Drostan, who's head was still a bit tight and mouth slack, thought hard to remember having said this. Upon remembering having said it, he then thought hard to remember why. Once this was established, the numbers totaled with his thinking on what he should say next.

"I guess what I meant is that... for me, it was the most terrible thing to happen in my life," and Ardeth was slightly touched that he would reveal this tender confession, his face maintaining it's stony composure while his heart squished a little. "But for Boann, it really wasn't. I mean, she'd do it again, I think. Maybe. I dunno, maybe it was the worst, but I dunno if anyone else but her'd think it was. You know, other's say other stuff was the worst. And maybe she'd agree." He paused a moment, his thoughts deepening within his swollen mouth. "I think Kell dying was the worst. Maybe Boann being born was the worst. I dunno. I couldn't tell you how far back the worst one goes.

"But I'll tell ye this. Diarmuid used to say that a lass's face was the much less ugly arrow pointin' to 'er loins. If ye asked Boann she'd say that was true, even fer'er."

At that Drostan stood and walked off to his tent.

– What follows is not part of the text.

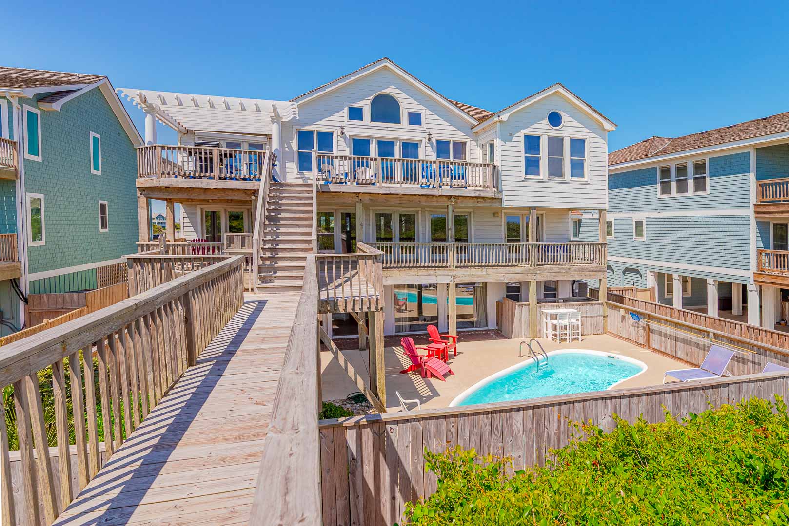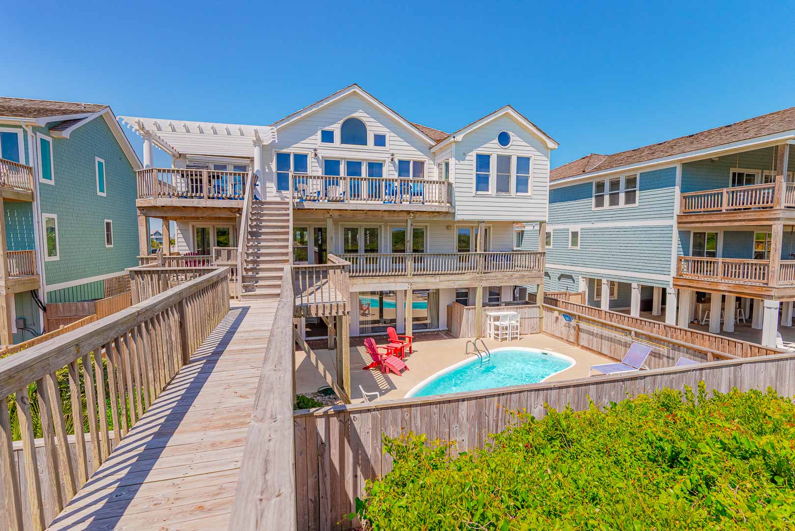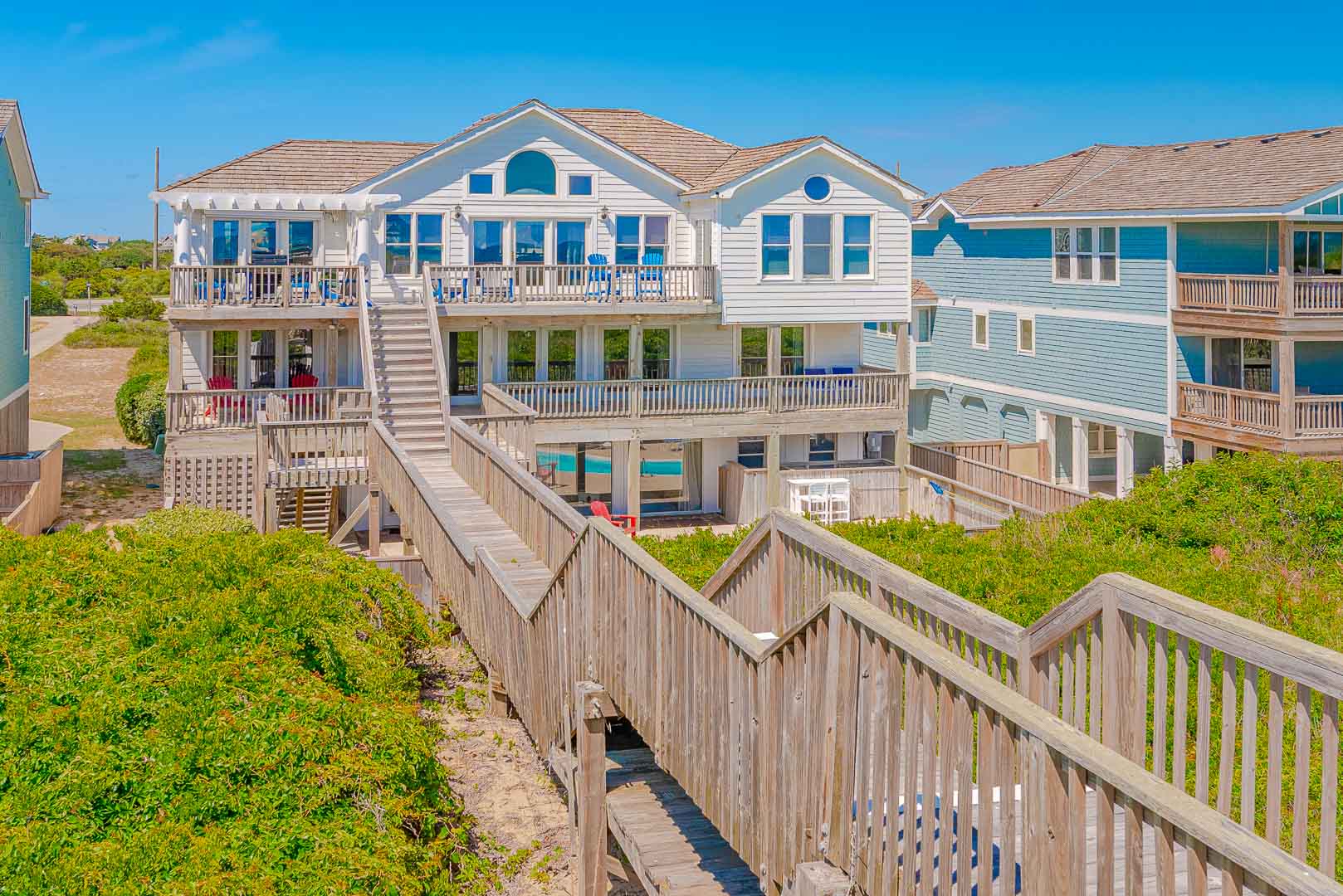 Ground Level: Parking for 5 Cars, Covered Entry, Den w/TV & Large Windows that Provide Great Views of Pool Area, Wet Bar, Full Size Refrigerator, Bedroom w/King, Full Bath, Laundry, Access to Pool Patio, Private 12x24 Swimming Pool - Open Seasonally, Double Enclosed Outside Shower, & Walkway to Dune Top Deck w/Sand Path to the Beach.

Ardeth was unsure of what the last comment had to do with the high point of Boann's pain. The pieces were still far to jumbled to put together at this point.

Ardeth settled down to an uneasy shift at the watch. He hd hoped to see Boann pray, and then sleep. Perhaps approach her sleep-limp body, stroke the soft hairs on her arms, the circumference of the bulge of her chin. But instead, she just sat there, a few meters away, every now and again moving her head slightly. And when he awoke the next morning she was no longer there, having risen before sunrise, as usual.